Der Gefiederte Lachs in England…
Der Gefiederte Lachs in England
Und wieder sitze ich in einem Flugzeug. Gerade sind es 8 Tage seit dem Unfall auf Bali her, das Schienbein halbwegs geheilt, das Equipment wieder gepackt und im Bauch der British Airways-Maschine verstaut.
Ich lasse mich in meinen harten Sitz plumpsen, so in etwa stelle ich mir einen Überlandbus in Pakistan vor. Die Stewardess rät mir, meine Decke und das Kisselchen in meinem Rücken zu verbergen, sonst müsse sie es mir leider wegnehmen. Schließlich sei ich ja am Notausgang. Ob sie in Pakistan im Bus auch so drauf sind?
Nach dem 30-Stunden Marathon von Bali über Dubai und Barcelona nach Mexiko vergehen die ungemütlichen 10 Stunden nach London wie im Flug (haha).
Landung in Heathrow, Zug westwärts nach Reading, wo ich die erste Nacht verbringen werde.

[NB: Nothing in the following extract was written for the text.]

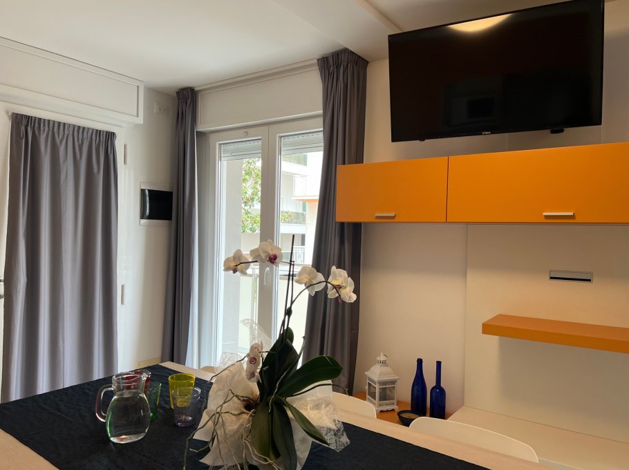 Elegantes, biokompatibles Gebaeude. Es besteht aus 10 Wohnungen, und befindet sich in der Innenstadt von Lignano Sabbiadoro, nur 50 Meter vom Meer entfernt. Die Wohnungen, mit der Verwendung von erneuerbaren Energien erstellt, sind alle sehr sorgfältig eingerichtet, und bieten allen Komfort wie: Sicherheitstüren, SAT-TV, Klimaanlage und Heizung, Safe, Mikrowelle, Filterkaffeemaschine, Espresso-Kaffeemaschine Lavazza A Modo Mio®, Wasserkocher, Geschirrspüler und Waschmaschine, großen Kühlschrank mit separatem Gefrierfach und Fön. Aufzug. Jede Wohnung verfügt über 1 nummerierten Parkplatz pro Wohnung ca. 100 Meter entfernt. 1 Kostenlose „Light WI-FI (no streaming no download) fuer 3 Geraete pro Mal.

Ruhig zieht der Fluss Kennet seine nächtliche Runde durch das Städtchen, und ich suche einen Geldautomaten. Den ich bis heute – 5 Tage später – immer noch. nicht gebraucht habe. Denn alles geht hier “cashless”, vielfach ist Bargeld gar nicht mehr erlaubt. Die Berichte aus Telegram-Kanälen werden zu erlebter Realität…
Passend ein Glas Alpaca-lypse-Bier (das Leben hat echt Humor, die Briten auch). Die Managerin im fröhlich-lauten Hotel-Pub fragt mich, ob wir in Mexiko auch wochenendes feiern würden. So wie sie in England. Ich bestätige, dass auch in Mexiko gerne gefeiert wird, und sie freut sich.
Am nächsten Morgen gen Glastonbury.
Drei Tage vor dem Flug hatte mir mein Interviewpartner in Wales abgesagt, und so habe ich mich spontan für Glastonbury, das spirituelle Zentrum Englands, entschieden. Warum, wußte ich nicht. Ist halt Serendipity Filmmaking, und man folgt und vertraut dem Gefühl.
Die Innenstadt Glastonburys wartet pittoresk und mit allerlei Esoterik-Läden auf. Buddhas, Hindugötter, keltische Symbole, Halbedelsteine und Quarze, Feenfiguren und noch vieles mehr. Auf den ersten Blick ein kleines Eso-Disneyland. Dazu passt auch der Schotte in Kilt und “voller Montur”, der den Dorfplatz schmückt.
Aber dahinter ist mehr, spüre ich. Schließlich soll hier Avalon gelegen haben und vermutlich – auf anderer Frequenz – immer noch liegen. Die Gebeine von Artus und Guinevere sollen hier vor Jahrhunderten in der Abtei gefunden worden sein, Drachen flogen über den einsam aufragenden Turm auf dem Glastonbury Tor. Josef von Arimatäa soll hier in Glastonbury die erste chrisliche Kirche gegründet haben, ein dorniger Busch zeugt heute noch von diesem magischen Ereignis.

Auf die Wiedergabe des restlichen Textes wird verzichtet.